Air can be drawn into the system 100 through the first and second outer shell portions 104A, 104B by a fan 130. In some implementations, the fan 130 can blow air out of the inner housing 102 in a direction 132 having a component that is orthogonal to the pathways 105A, 105B along which air passes through the filters 108A, 120A, 108B, 120B from outside the system 100 to the inner housing 102. By blowing air out of the inner housing 102 in the direction 132, a partial vacuum is created within the inner housing, which draws air into the system 100 along pathways 105A, 105B and through the filters 108A, 120A, 108B, 120B. The air that is blown out of the inner housing 102 by the fan 130 can be exhausted to the environment through an air outlet 142 that can include a plurality of vents that direct the exhausted air in different directions.

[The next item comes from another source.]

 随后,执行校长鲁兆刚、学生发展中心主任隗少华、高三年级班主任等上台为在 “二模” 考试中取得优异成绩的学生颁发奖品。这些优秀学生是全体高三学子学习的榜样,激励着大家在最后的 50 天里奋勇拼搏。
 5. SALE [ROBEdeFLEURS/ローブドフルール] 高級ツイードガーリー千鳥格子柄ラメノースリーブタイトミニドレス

The system 100 can further include a high-voltage power supply 136 that is configured to supply a high-voltage potential to the high-voltage grids 122A, 122B, a processor 138 configured for executing instructions to control the power supply 136 and to control the fan 130, and a user interface 140 (e.g., a touchscreen user interface) for a user to interact with the processor 138.
With the system 100 configured to have air enter from different directions 103A, 103B and pass though different combinations of filters (e.g., filters 108A, 120A and filters 108B, 120B) along different pathways, the effective area of the filters that is available to filter air is increased (e.g., doubled), as compared with a filter system in which air passes through one or more filters along only a single pathway, because the filter surfaces of both sets of filters 108A, 120A and 108B, 120B are available to filter air. Moreover, the increase in effective filter area is achieved without doubling the overall size of the system 100, as compared with a single pathway system. In addition, the increase in effective filter area is achieved without doubling a cost of the system 100, because the system can be operated with a just a single fan 130 that creates airflow along the two different pathways and with a single power supply that supplies both main filters 120A, 120B with high-voltage and with housing components that support both sets of filters.

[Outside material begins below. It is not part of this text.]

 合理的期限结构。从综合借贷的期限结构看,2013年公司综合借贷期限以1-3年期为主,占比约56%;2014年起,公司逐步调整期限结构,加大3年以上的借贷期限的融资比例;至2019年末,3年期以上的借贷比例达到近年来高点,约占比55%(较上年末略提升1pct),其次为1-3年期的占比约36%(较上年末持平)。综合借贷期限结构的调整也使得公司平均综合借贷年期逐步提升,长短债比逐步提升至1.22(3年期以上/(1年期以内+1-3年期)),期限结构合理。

FIG. 2 illustrates a portion of the air filter apparatuses of FIG. 1, which includes parts that provide a high energy field and that isolate the field from external parts of an air filter apparatus. The portion includes a front control grid 210, insulators 220, at least one high energy wire 230, filter media 240, and a rear control grid 250. Large arrow 270 illustrates a flow of air moving into the front control grid 210 and large arrow 280 illustrates filtered air moving past the rear control grid 250. While FIG. 2 illustrates air flows 270 and 280 moving from a left side to a right side of a filter assembly, for example, along pathway 105A in the system 100 of FIG. 1, the filter assembly of FIG. 2 may be oriented in any direction and it can be used in pathway 105B of system 100, as well.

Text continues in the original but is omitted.